### GIVEN DATA ###

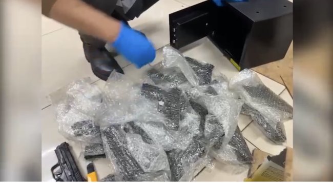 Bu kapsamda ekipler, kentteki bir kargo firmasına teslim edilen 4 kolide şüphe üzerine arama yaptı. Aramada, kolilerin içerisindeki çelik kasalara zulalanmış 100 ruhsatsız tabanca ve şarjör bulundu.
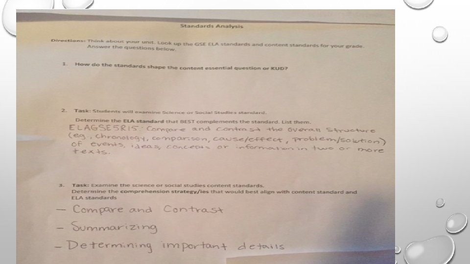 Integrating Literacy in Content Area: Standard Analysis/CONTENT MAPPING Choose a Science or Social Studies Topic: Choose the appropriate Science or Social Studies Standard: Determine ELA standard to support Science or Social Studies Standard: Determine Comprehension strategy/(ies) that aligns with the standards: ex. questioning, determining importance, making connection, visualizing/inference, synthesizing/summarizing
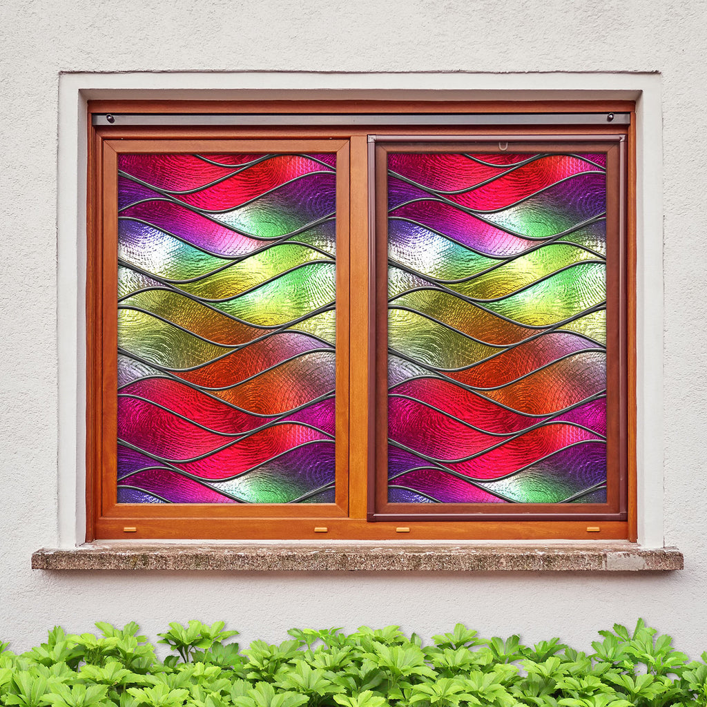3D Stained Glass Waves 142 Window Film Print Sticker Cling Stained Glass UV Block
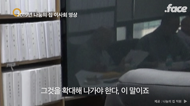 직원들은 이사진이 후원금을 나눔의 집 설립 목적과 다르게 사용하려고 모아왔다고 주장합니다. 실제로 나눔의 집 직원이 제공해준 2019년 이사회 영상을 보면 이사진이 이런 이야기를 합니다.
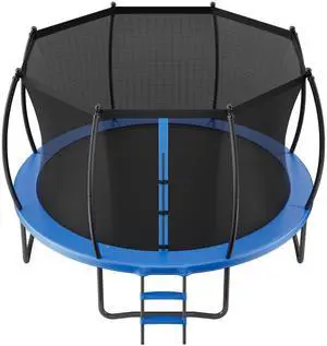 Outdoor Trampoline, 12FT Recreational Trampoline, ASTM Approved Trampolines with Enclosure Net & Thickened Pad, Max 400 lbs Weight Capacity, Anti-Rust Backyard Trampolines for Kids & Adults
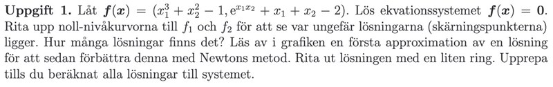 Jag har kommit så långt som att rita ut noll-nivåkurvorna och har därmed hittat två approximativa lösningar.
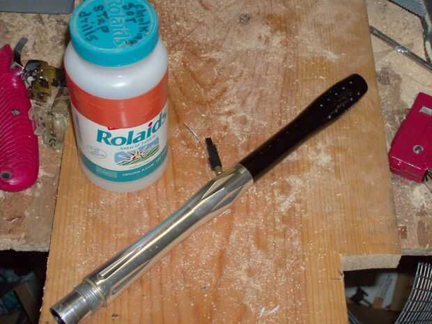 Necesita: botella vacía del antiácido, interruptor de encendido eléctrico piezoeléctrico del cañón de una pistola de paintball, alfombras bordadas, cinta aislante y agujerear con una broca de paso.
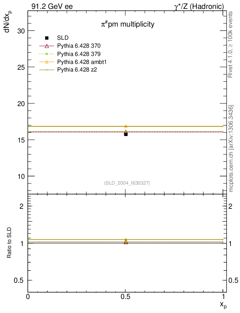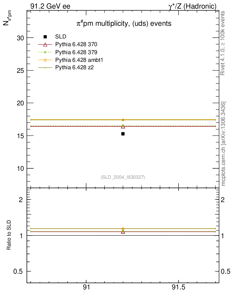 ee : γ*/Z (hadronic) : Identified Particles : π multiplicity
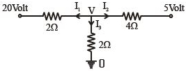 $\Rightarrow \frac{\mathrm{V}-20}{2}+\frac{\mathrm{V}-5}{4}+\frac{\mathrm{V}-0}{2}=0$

###

**TASK INSTRUCTIONS:** Would you repeat the material above exactly, line for line, from its first line to the line with "Necesita: botella vacía", including both and skipping every picture?

**EXERCISE OUTPUT:**
 Bu kapsamda ekipler, kentteki bir kargo firmasına teslim edilen 4 kolide şüphe üzerine arama yaptı. Aramada, kolilerin içerisindeki çelik kasalara zulalanmış 100 ruhsatsız tabanca ve şarjör bulundu.
 Integrating Literacy in Content Area: Standard Analysis/CONTENT MAPPING Choose a Science or Social Studies Topic: Choose the appropriate Science or Social Studies Standard: Determine ELA standard to support Science or Social Studies Standard: Determine Comprehension strategy/(ies) that aligns with the standards: ex. questioning, determining importance, making connection, visualizing/inference, synthesizing/summarizing
3D Stained Glass Waves 142 Window Film Print Sticker Cling Stained Glass UV Block
 직원들은 이사진이 후원금을 나눔의 집 설립 목적과 다르게 사용하려고 모아왔다고 주장합니다. 실제로 나눔의 집 직원이 제공해준 2019년 이사회 영상을 보면 이사진이 이런 이야기를 합니다.
 Outdoor Trampoline, 12FT Recreational Trampoline, ASTM Approved Trampolines with Enclosure Net & Thickened Pad, Max 400 lbs Weight Capacity, Anti-Rust Backyard Trampolines for Kids & Adults
 Jag har kommit så långt som att rita ut noll-nivåkurvorna och har därmed hittat två approximativa lösningar.
 Necesita: botella vacía del antiácido, interruptor de encendido eléctrico piezoeléctrico del cañón de una pistola de paintball, alfombras bordadas, cinta aislante y agujerear con una broca de paso.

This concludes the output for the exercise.